Graduate Students
The Department has a graduate enrollment of about 90 students at all stages of their graduate careers. A self-governing History Graduate Student Association serves as a liaison between students and faculty. Two graduate students serve on the Department's Graduate Studies Committee, which administers the graduate program.
2006-2007 Graduate Student Representatives:
2007 Honors and Awards
Christine Sears will be starting a tenure track job at the University of Alabama-Huntsville, and Christian Koot will be taking up a tenure track job at Towson University. Alan Meyer recently started a full-time job as a civilian historian with the United States Air Force near the Pentagon. And Ryan Thompson has accepted a tenure track position at Cleveland State University in Chattanooga,Tenn.
A number of students have been awarded prestigious grants from both the University and national competitions to continue working on their dissertations during the coming year. Jennifer Armiger has been granted not only a UD Dissertation Award for the 2007-2008 academic year, but also the American Fellowship from the American Association of University Women and the University of Delaware's newly minted Women's Studies Dissertation Fellowship. Ben Schwantes has also been awarded a UD Dissertation Award, and Hillary Murtha has been awarded a UD Competitive Award, both for the 2007-2008 academic year.
Lyndsay Rago scooped up the second UD Competitive Award this year, and then went on to receive the Coordinating Conference of Women in the Historical Profession (CCWH)/Berkshire Graduate Student Award for dissertation research. Two of our continuing graduate students will be gracing the McNeil Center in Philadelphia as they continue writing their dissertations: Ken Cohen has been awarded a year-long Cosortium Fellowship and Zara Anishanslin-Bernhardt a year-long Consortium/Barra Fellowship. And Dan Claro was awarded a year-long McNeil Dissertation Fellowship to work at Winterthur in the coming year. Lily Santoro has scooped up not only a prestigious grant from the Filson Historical Society in Louisville, KY, but also a Peterson Fellowship to work at the American Antiquarian Society in Worcester, MA, and from our own History Department, our annual William Williams Award for outstanding work in early American history.
Elise Ciregna has been given a New England Regional Fellowship Consortium Grant recently; Karen Ryder received a Mellon ellowship for research at the Virginia Historical Society; Katie Turner will enjoy a short-term Winterthur research grant; Michelle Mormul has been awarded a short-term Program in Early Economy fellowship to work in Philadelphia; and Patricia Keller has landed a 2007 Research Project Grant from the Center for Craft, Creativity & Design in North Carolina.
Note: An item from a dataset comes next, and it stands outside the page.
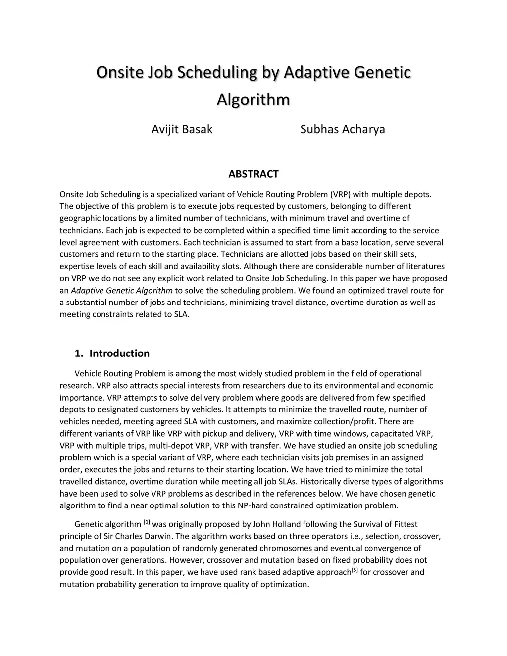 Onsite Job Scheduling by Adaptive Genetic Algorithm

At the Maryland Historical Magazine, Patricia Anderson has been appointed editor.
In our own department, in addition to the William Williams award, Heather Boyd and Mike Sparrow have been recognized for their outstanding work as Teaching Assistants with the Stanley J. and Marion Goldfus Memorial Award; and Christine Sears has been awarded the first John Munroe prize for superior teaching in her own courses in the History Department. At UD's recent Gels Student Research on Women Conference, Jennifer Vess, won the second place prize (graduate division) for her paper, "'Home Influences' and 'Home Joys': American Women in World War I and the Recreation of America Overseas."
And to continue this stellar list, Stephanie Holyfield's dissertation prospectus was accepted to the Newcomen dissertation colloquium at this year's Business History Conference, and Bonnie Maxwell won the Raymond Callahan Prize for the years 2003 to 2006, for most outstanding member of the MALS program, with special mention of her superior thesis.
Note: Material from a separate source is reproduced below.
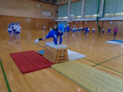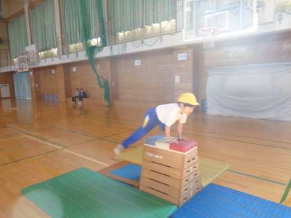 今日から、跳び箱の学習に入りました。手を遠くに着いたり、両足で跳んだりすることが大切だということに気付き、一生懸命に学習に取り組みました。

As always, our grads have also been busy presenting their work at numerous conferences and seminars around the country and beyond, shining light on their achievements and making us all very proud. Cudos to all!
2006 Honors and Awards
John Davies and Katherine Turner have been awarded two of the University's Dissertation Fellow Awards, and Jennifer Moses won a University Graduate Fellows Award, all for the coming academic year.
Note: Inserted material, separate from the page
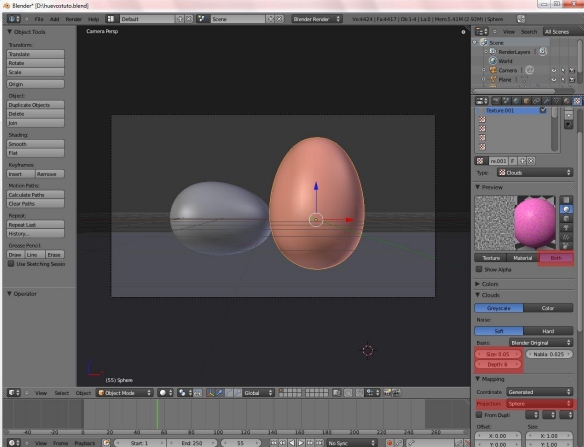 Vamos al panel influence disminuimos el color a 0.214 y activamos Nor a 0.02 aproximadamente y cambiamos el color de la banda fucsia a un tono de rosa distinto, color: cuanto color de textura aplicar a nuestro objeto Nor: o normales es muy útil ya que proporciona relieve en nuestro objeto mediante la textura que hacemos, nuestra cascara esta lista para darle el mismo material a otro huevo, seleccionamos primeros el huevo gris manteniendo presionado la tecla shift seleccionamos el huevo rosa Control + l y luego materiales nuestros dos huevos son ahora rosas, para finalizar con los materiales vamos a añadir la textura al piso.

Among the awards that our own department confers on graduate students, Andy Bozanic has been recognized for his outstanding work as a Teaching Assistant with the Stanley J. and Marion Goldfus Memorial Award. This year's prize for the Alumni Award for Best Printed Article or Seminar Paper, a submission judged by a committee of former chairs of the History Department, has been conferred on Janneken Smucker. And the departmental William H. Williams Scholarship in Early American History, which is divided equally between graduate and undergraduate students doing outstanding scholarship in early American history, goes to Ted Sickler.
Jennifer Armiger recently received the New Jersey Historical Commission's Smith Dissertation Fellowship for 2006, as well as one of the prestigious Rovensky Fellowships for Dissertations in American Business and Economic History, which is sponsored in part by the Business History Conference.
Michelle Mormul has received a Travel and Data Grant from the Economic History Association to conduct research on her dissertation.
At the recent Geis Student Research on Women Conference, Seabrook Jones won second place among a number of Graduate papers presented across numerous disciplines for her paper on Chester County women's economic lives in the early 1800s.